Multiemployer pension provisions in the Pension Protection Act of 2006 set to expire Dec. 31 would gain another year in a tax extension passed by the House Wednesday.
H.R. 5771, the “Tax Increase Prevention Act of 2014,” which extends more than 50 expired business and individual tax breaks, has to be scheduled for a vote in the Senate, which does not have its own package, before Congress adjourns Dec. 11.
Provisions in the House bill would extend multiemployer pension plans’ ability to take an additional five years to amortize funding shortfalls in addition to a regular 15-year period, and extend through 2015 special rules for underfunded plans. Those rules created plan zones based on funding and require annual review and certification of a plan’s funded status. Unless funded 80% or better, plans are classified as either endangered (yellow zone) or critical (red zone, typical less than 65% funded) and must take specific corrective actions to improve funded status.

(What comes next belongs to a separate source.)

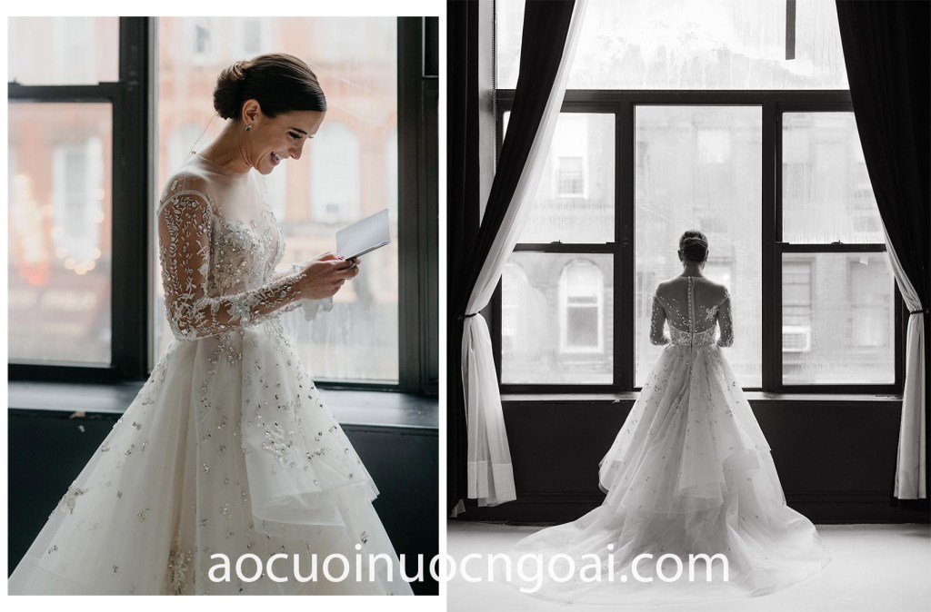 Trong những lễ cưới phong cách trang trọng hoặc tổ chức tại nhà thờ, váy cưới xếp tầng tay dài vừa giúp cô dâu đảm bảo được tính chất thanh lịch trong lễ cưới, lại đầy nổi bật với tùng váy xếp một tầng được đính kết lấp lánh thu hút mọi ánh nhìn.

Proponents of multiemployer pension reform are still pushing for Congress to approve a more comprehensive package before it adjourns. A bipartisan statement from the House Education and Workforce Committee said that “members are still discussing the details about a possible legislative solution to the multiemployer pension crisis, and remain hopeful Congress will act before the end of the year. Any decisions regarding how a possible solution might move through the legislative process will be made by leadership at the appropriate time.”